ECE2006 Poster Presentations Diabetes, metabolism and cardiovascular (174 abstracts)
1Guys and St Thomas Hospital, London, United Kingdom; 2North durham University Hospital, Durham, United Kingdom; 3Kent and Canterbury Hospital, Canterbury, United Kingdom.
Introduction: Insulin is widely used in Type 2 patients to control the blood sugar when the oral hypoglycaemic agents fail. This is a case report of a type 2 diabetes patient who developed Myocardial Infarction after factitious hypoglycaemia with insulin.
Case report: A 64-year-old gentleman with known Ischaemic Heart Disease was treated with insulin (Mixtard 30) and metformin for his type 2 diabetes. He presented to diabetes Specialist nurse with persistent hypoglycaemia. His insulin dose was initially reduced and eventually stopped. As he continued to have hypoglycaemia even after the insulin was stopped he was investigated as inpatient. Blood tests done as inpatient were as follows, blood sugar- 1.9 mmols/L, Insulin 158 Iunits/L and C-peptide - <9 Units/litre. This confirms that he has factitious hypoglycaemia. On confrontation he confessed that he has given himself excess of insulin. He was managed with oral hypoglycaemic agents and counselling was offered.

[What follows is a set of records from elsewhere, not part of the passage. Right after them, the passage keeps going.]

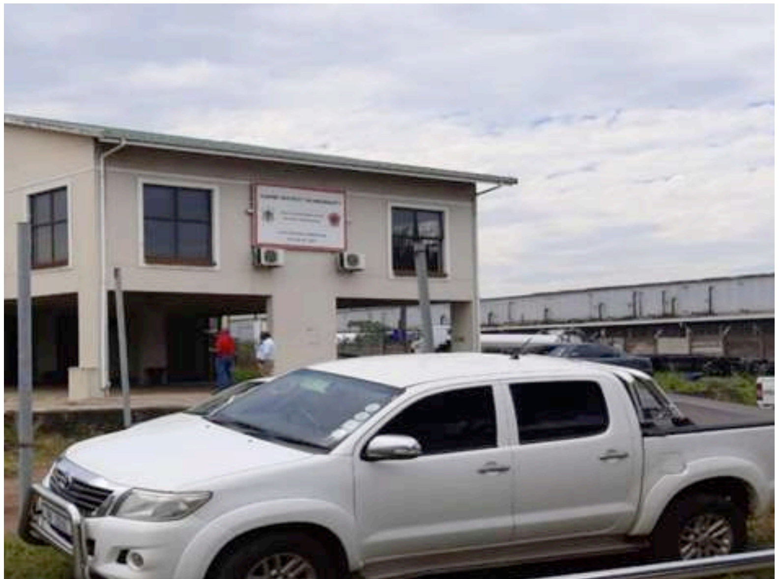
External view of the DMC from the carpark and the unused open ground floor space which lends itself to extended office space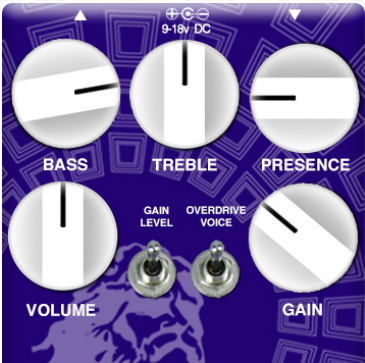
Classic, vintage rock... can fit in ANY rock song of today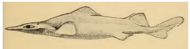
Deania profundorum . From: Smith, H. M. 1912. The squaloid sharks of the Philippine Archipelago, with descriptions of new genera and species. Proceedings of the United States National Museum 41 (1877): 677–685, Pls. 50–54.

Deania quadrispinosa (McCulloch 1915) quadri- , from quattuor (L.), four; spinosa (L.), thorny, referring to four-spined dermal denticles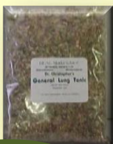
Dry Herb Kit ready to tincture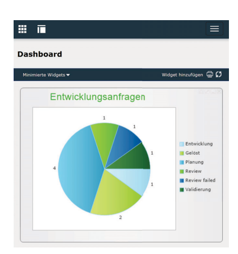
Example Dashboard of the 446 Plattform®

The new software releases from Isonet are also convincing. Thus, the dashboard introduced in 2016 provided significant improvements by providing an overview of orders and further insights into order processing.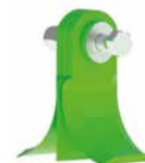
COLTKF7 Ø MAX 6 CM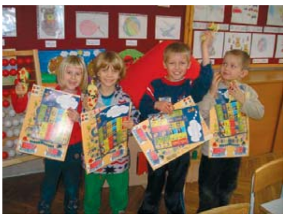
Fot. 8. Actions in kindergartens and schools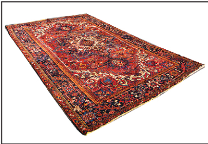
Oriental Room Size Rug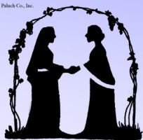
Visitation of the Blessed Virgin Mary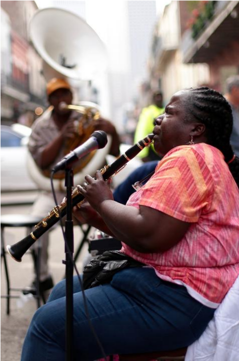
Legendary New Orleans street musician Doreen Ketchens

In hindsight, the dual track of his life is obvious: an instinct for the journalistic deep dig and an ear attuned to the soul of New Orleans.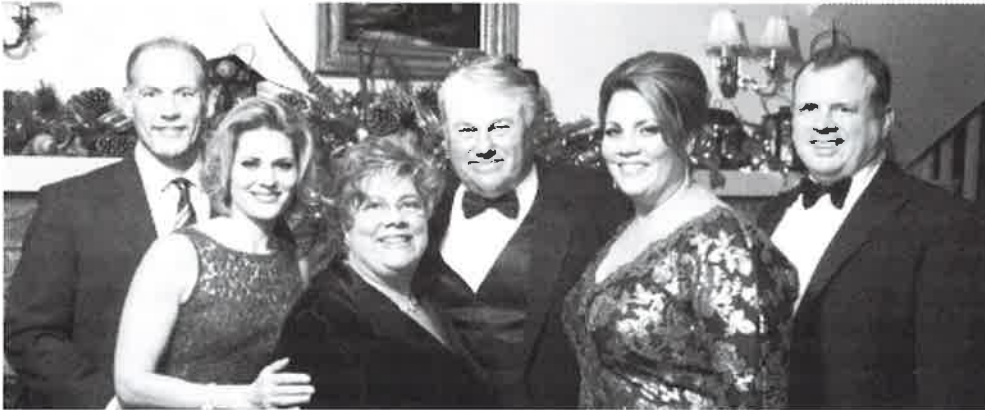
Last year over 275 guests celebrated good times, with good friends, at the 2013 West Chester Charity Ball.

As his blood sugars were high in the subsequent weeks, he was restarted on Insulin again. He presented 4 weeks later with chest pain and symptoms of hypoglycaemia. ECG and Troponin showed that he had Acute Myocardial infarction. His insulin, c-peptide and blood sugar repeated again, confirmed that he has taken excess of insulin again. The insulin was stopped completely and was started on sulphonylurea with referral to psychiatrist for counselling.
Conclusion: Hypoglycaemia can increase myocardial workload by sympathetic drive, it has also been hypothesised that hypoglycaemia can lead to coronary artery spasm. These can lead to acute myocardial infarction. So prolonged severe hypoglycaemia should be avoided in high-risk patients.